You made this?...I made this Meme Template
This template depicts a two-person exchange where one person proudly presents something they made and the second person - Who contributed nothing - Immediately claims ownership. It satirizes credit-stealing, plagiarism, corporate rebranding, or anyone who takes unearned ownership of a collaborative effort.
Caption this template- Category
- Situation Meme Templates
- Size
- 440 x 959 px
- Format
- Image
- Price
- Free, no sign up
Where the You made this?...I made this meme comes from
The format originates from a Garfield comic strip in which Garfield presents something to Jon and then immediately steals the credit with 'I made this,' despite having done no work. The strip became a widely shared image macro on Reddit and Tumblr in the 2010s, frequently applied to intellectual property theft, corporate appropriation, and shameless self-promotion.
How to caption the You made this?...I made this meme
Label the first figure with the original creator and the second with whoever is claiming undue credit, keeping the specific context in the caption clear. The format lands hardest when the credit-taker's actual contribution was genuinely zero, making their ownership claim maximally absurd and immediately recognizable. Open it in the meme generator, or read how to make relatable memes for more.
You made this?...I made this caption ideas
Need a starting point? Try one of these on the You made this?...I made this template, then make it your own in the meme generator.

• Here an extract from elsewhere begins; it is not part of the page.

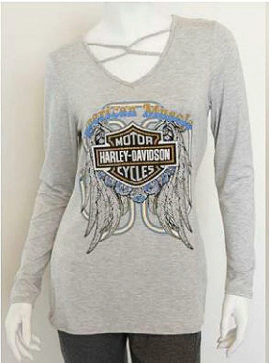 If powerful imagery inspires you, the H-D® Vintage Muscle V-Neck will send you soaring. Made from a luxuriously soft and comfortably responsive rayon/spandex blend, this long-sleeved knit top features a flattering V-Neckline with something extra: criss-cross lacing. The printed graphics start with the endearing American Made headline complementing the iconic Bar & Shield® logo taken to the super-natural with the glorious addition of feather-detailed wings. Add the celestial glimmer of hundreds of rhinestones and this top leaps to must-have status. Unleash your inner fashionista and take your casual wear to new heights.

- Intern: 'I built the whole dashboard' / Manager in the all-hands: 'I made this'
- You: 'I wrote the entire group essay' / Teammate who vanished: 'We made this'
- Open-source dev: ships the library / Startup repackaging it: 'I made this'
- You: 'I planned the whole trip' / Friend posting the photos: 'I made this'
- Artist posts original work / Account that screenshotted it: 'I made this'
Best uses for the You made this?...I made this template
Use the You made this?...I made this template when the joke fits a situation format and the image can explain the feeling before the reader finishes the caption. It is strongest for relatable everyday moments, before-and-after jokes, and social observations.
This blank is 440 x 959 px and is a still image, so place the most important words where they stay readable after a feed crop. The tall frame gives you room for a short setup near the top and a payoff below the main subject.
The sample captions leave room for a setup and a punchline without turning into a paragraph. Before exporting, read the caption once without looking at the image; if it still needs a long explanation, switch to a simpler setup or a more obvious related template.
Caption patterns to try
| Pattern | Why it works |
|---|---|
| Intern: 'I built the whole dashboard' / Manager in the all-hands: 'I made this' | This works because it gives the reader a specific situation instead of a vague label. |
| You: 'I wrote the entire group essay' / Teammate who vanished: 'We made this' | This pattern keeps the setup concrete, which helps the template carry the reaction. |
| Open-source dev: ships the library / Startup repackaging it: 'I made this' | This is a useful direction when you want the punchline to feel personal or self-aware. |
Common mistakes with this blank
- Writing a caption that explains the whole joke instead of letting the You made this?...I made this image do part of the work.
- Placing text over the most expressive part of the image, especially faces, gestures, signs, or the main action.
- Using three different ideas in one meme. This template works better when it points at one clear situation.
- Exporting before checking the meme at phone size. If the smallest words blur together, shorten the caption first.